WHAT IS BEING ASKED: Your task is to retype, word for word, the lines from the start of the data through the line holding "Die spezielle Mischung". Do not include the pictures.
====== THE RECORDS ======
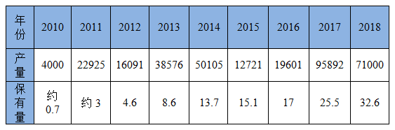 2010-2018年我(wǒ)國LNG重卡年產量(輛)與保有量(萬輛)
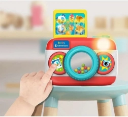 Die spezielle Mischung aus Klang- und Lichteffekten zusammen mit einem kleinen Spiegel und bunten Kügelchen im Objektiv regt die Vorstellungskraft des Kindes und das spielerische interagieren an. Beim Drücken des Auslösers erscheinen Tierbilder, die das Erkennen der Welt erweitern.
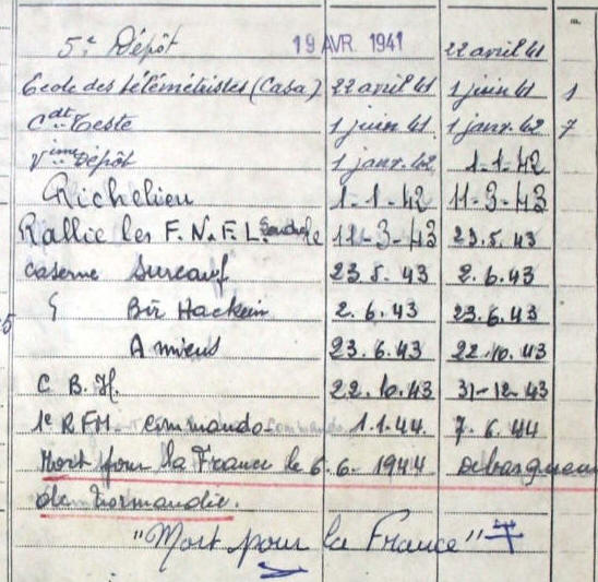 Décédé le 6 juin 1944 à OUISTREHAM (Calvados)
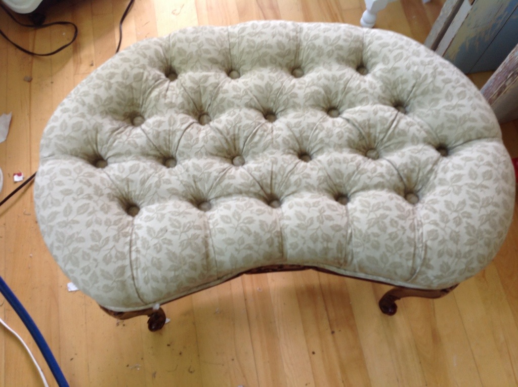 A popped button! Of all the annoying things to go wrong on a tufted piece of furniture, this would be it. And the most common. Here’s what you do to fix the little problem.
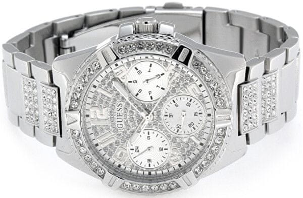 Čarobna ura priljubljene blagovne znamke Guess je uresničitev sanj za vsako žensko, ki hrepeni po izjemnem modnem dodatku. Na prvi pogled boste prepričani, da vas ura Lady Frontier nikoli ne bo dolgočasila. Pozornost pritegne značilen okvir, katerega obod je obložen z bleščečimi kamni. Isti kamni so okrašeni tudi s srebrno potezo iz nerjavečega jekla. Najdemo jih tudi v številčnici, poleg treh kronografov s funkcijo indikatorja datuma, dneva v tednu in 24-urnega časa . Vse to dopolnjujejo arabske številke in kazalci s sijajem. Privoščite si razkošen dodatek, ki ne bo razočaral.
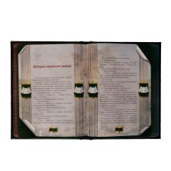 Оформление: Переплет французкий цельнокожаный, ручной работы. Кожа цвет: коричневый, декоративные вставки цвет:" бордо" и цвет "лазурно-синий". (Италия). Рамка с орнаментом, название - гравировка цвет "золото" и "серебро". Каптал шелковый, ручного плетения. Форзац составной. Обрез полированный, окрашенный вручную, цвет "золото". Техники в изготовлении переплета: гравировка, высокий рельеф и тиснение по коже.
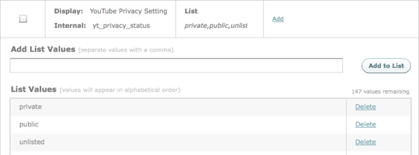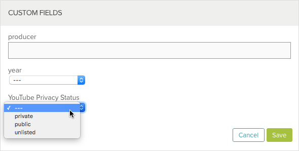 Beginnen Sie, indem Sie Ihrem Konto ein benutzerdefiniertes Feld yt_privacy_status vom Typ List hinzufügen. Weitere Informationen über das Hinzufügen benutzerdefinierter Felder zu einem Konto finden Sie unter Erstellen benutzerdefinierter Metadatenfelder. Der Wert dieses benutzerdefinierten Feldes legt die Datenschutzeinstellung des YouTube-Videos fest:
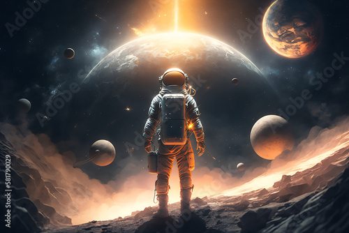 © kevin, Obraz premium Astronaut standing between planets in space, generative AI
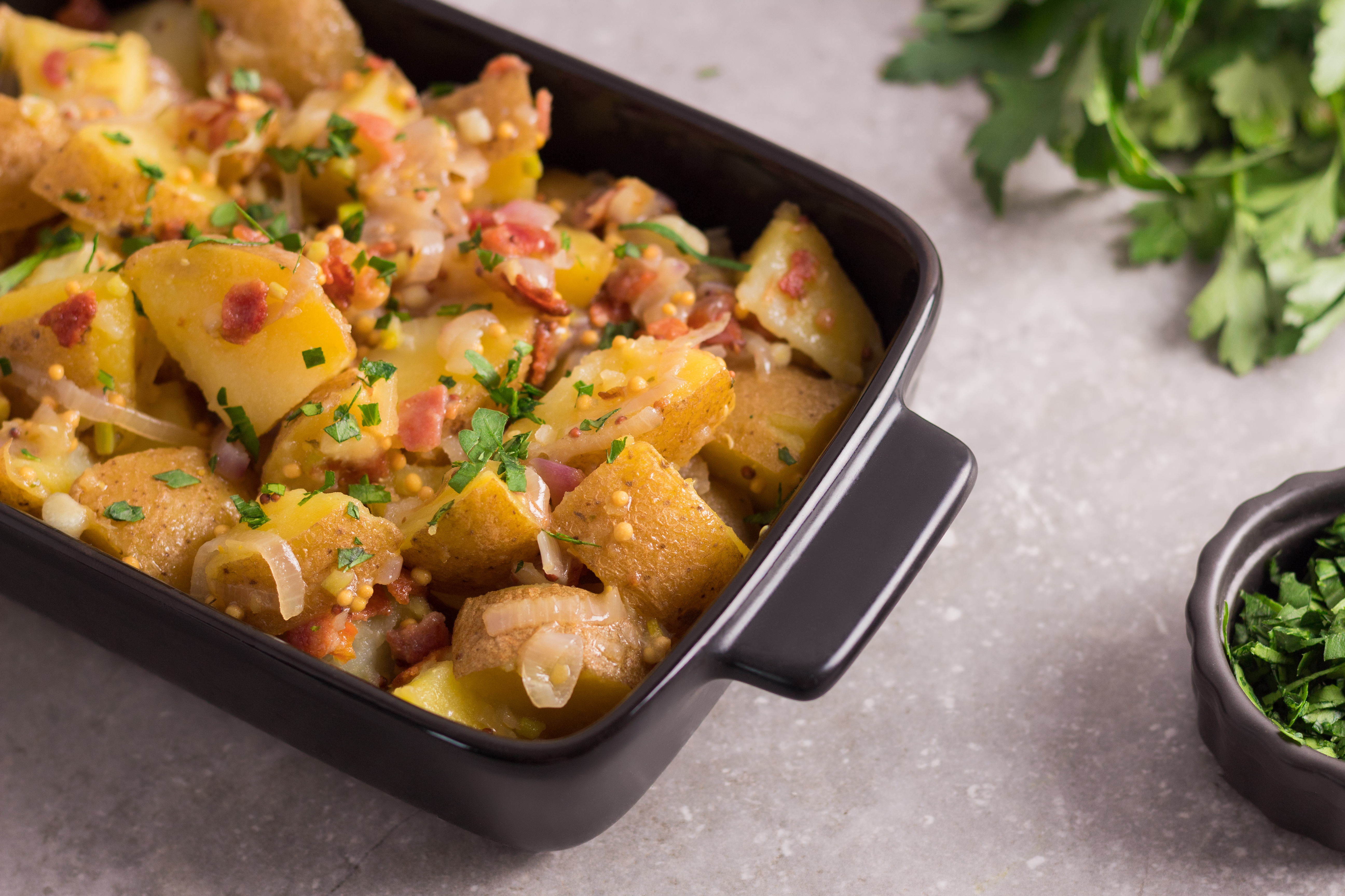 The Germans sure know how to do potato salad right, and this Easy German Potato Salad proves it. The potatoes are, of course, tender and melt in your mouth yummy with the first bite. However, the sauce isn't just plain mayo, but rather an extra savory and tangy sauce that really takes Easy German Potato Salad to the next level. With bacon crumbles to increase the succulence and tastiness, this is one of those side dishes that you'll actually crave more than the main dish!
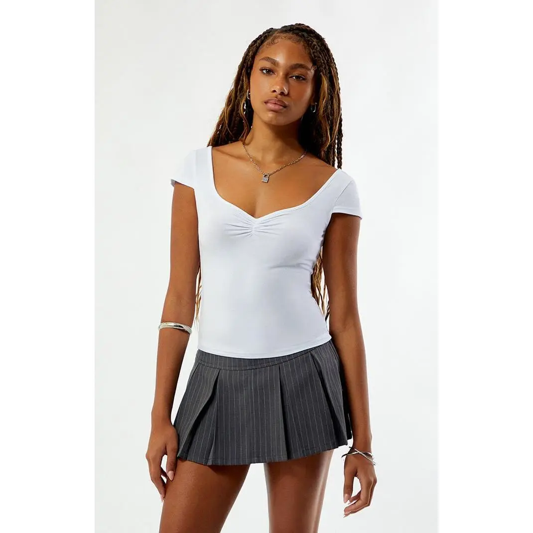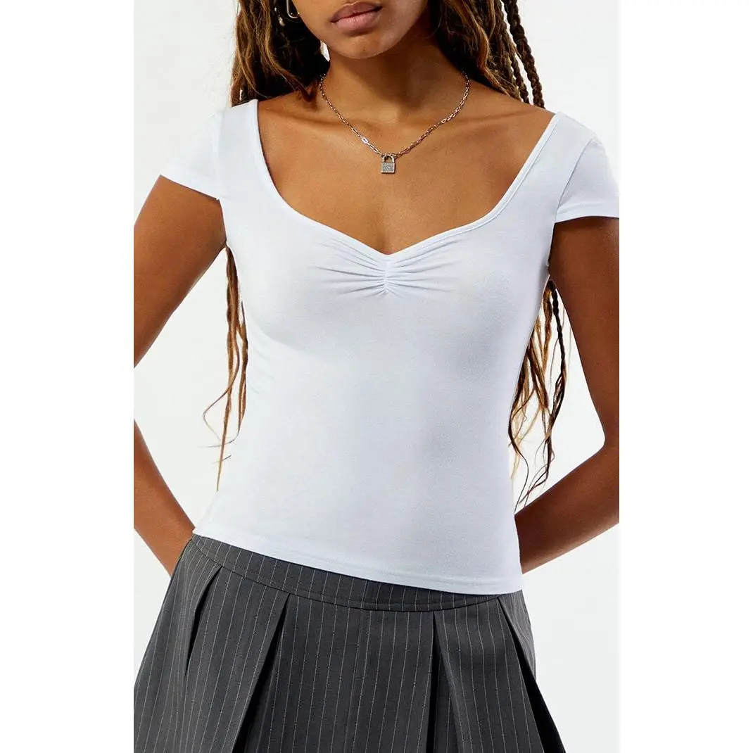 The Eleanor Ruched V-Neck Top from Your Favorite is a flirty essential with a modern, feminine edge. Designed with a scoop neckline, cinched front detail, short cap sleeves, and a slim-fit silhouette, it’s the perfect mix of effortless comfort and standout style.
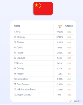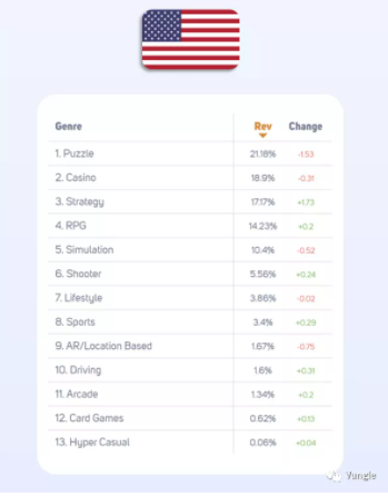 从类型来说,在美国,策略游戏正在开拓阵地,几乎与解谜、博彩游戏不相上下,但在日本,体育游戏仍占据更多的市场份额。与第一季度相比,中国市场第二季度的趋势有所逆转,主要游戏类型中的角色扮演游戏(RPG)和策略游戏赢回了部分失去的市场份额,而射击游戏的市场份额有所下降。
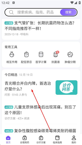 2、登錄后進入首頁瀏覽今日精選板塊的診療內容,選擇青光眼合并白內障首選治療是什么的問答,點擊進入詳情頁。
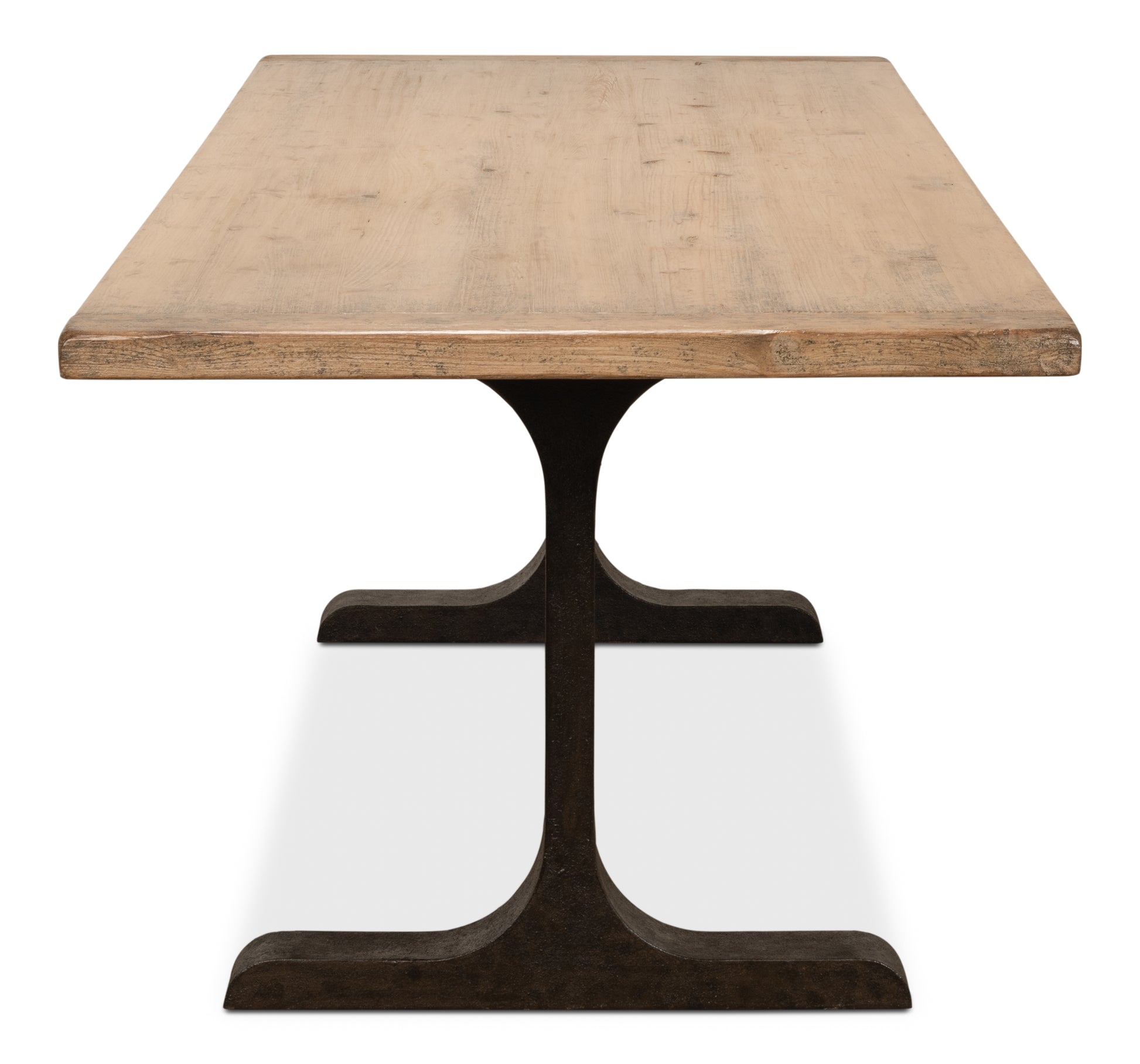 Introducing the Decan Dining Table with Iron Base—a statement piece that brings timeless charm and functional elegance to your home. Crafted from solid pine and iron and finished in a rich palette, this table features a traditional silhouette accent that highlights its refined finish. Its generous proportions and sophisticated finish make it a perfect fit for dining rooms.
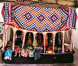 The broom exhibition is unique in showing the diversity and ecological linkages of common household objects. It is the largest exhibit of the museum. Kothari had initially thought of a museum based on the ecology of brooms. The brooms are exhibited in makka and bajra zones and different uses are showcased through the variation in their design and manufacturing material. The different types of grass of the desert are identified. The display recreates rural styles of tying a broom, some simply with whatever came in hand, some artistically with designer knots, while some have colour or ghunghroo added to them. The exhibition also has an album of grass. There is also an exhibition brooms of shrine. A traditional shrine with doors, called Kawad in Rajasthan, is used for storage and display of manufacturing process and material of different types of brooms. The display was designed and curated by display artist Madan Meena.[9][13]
======
TASK RESPONSE:
 2010-2018年我(wǒ)國LNG重卡年產量(輛)與保有量(萬輛)
 Die spezielle Mischung aus Klang- und Lichteffekten zusammen mit einem kleinen Spiegel und bunten Kügelchen im Objektiv regt die Vorstellungskraft des Kindes und das spielerische interagieren an. Beim Drücken des Auslösers erscheinen Tierbilder, die das Erkennen der Welt erweitern.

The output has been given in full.